Пожалуй, прежде всего она изменилась внешне. Взгляд ее, когда-то такой ласковый, стал угрюмым, углы губ опустились, а вокруг рта появились две тонкие злые морщинки. Голос, который раньше звучал, как музыка, стал резким. Быть может, она старалась себя сдерживать, но, как это часто бывает, изменения, происшедшие в ее внешности, выдавали перемену в ее характере. Не осталось и следа от ее былой кротости, потом появилась враждебность, агрессивность, злость. Бывало, так ответит, что даже дух перехватывает: «А мне все равно, нравится тебе или нет», «Не надоедай», «Иди к черту», «Оставь меня в покое». На первых порах она как будто сама удивлялась своей грубости, но потом до того дала себе волю, что иначе почти и не разговаривала. У нее появилась привычка хлопать из-за всякого пустяка дверью. В доме у нас то и дело слышалось хлопанье дверей. И каждый раз у меня было такое чувство, будто это мне дали пощечину. Раньше она обращалась ко мне со всякими ласковыми словечками, как все женщины, когда они любят: дорогой, любимый, золотко. А теперь — какое там «золотко»! Только и слышишь: дурак, идиот, болван, невежа, а то и похуже. Она не терпела никаких возражений; бывало, не успею я еще рта раскрыть, а она уже называет меня кретином:
— Молчи, ты — кретин, ничего не смыслишь.

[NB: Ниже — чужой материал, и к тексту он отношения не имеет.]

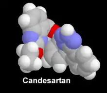 El candesartán o candesartano (rINN) es un Antagonista de los receptores de angiotensina II usado principalmente para el tratamiento de la hipertensión. El profármaco es candesartán cilexetilo es comercializado por Abbott Laboratories, Laboratorios Almirall, AstraZeneca, Laboratorios PiSA y Takeda Pharmaceuticals, comúnmente bajo el nombre comercial de Candam, Parapres, Atacand®, Amias, Chat, Safebul y Ratacand.
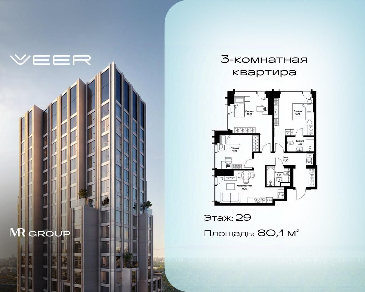 Продаётся 3-комнатная квартира общей площадью 80.10 м² с предчистовой отделкой в ЖК VEER на 29-м этаже 59 этажного дома.

Когда же не было никакого повода для ссоры, она сама старалась вызвать меня на это. Как она изощрялась в своих злобных выходках! Если бы они были не так оскорбительны, я бы только диву давался, откуда у нее эта изобретательность и хитрость. Она умела нащупать, как говорится, самое больное место, и сколько я ни твердил себе: «Стисни зубы, не отвечай, делай вид, что это тебе безразлично», — она всегда ухитрялась сказать что-нибудь такое, что задевало меня за живое и выводило из себя.
То заведет разговор о моей семье; послушать ее, так мы — подонки, а вот она, видите ли, дочь служащего (если же сказать правду, отец ее был всего-навсего жалким писарем в муниципалитете и всю жизнь перебивался с хлеба на воду) ; то прицепится к моей внешности. Я на один глаз не вижу, на зрачке у меня пятно, вроде как бы кровь запеклась, — так вот, она, бывало, губы скривит и скажет:
— Не подходи ко мне… Мне противно смотреть на твой глаз… Он похож на тухлое яйцо.
А нет ничего неприятнее для человека, чем когда задевают его семью или его физический недостаток. Ну, и действительно, терпение мое лопалось, и я начинал кричать. Тогда с язвительной улыбкой на бледных губах она говорила:
— Вот видишь, ты кричишь… с тобой невозможно разговаривать… Ты только и знаешь, что орать… Я не виновата, что ты не умеешь себя вести.
В общем, мне не оставалось ничего другого, как уходить из дома. И я уходил и бродил один по набережной Тибра, злой и несчастный.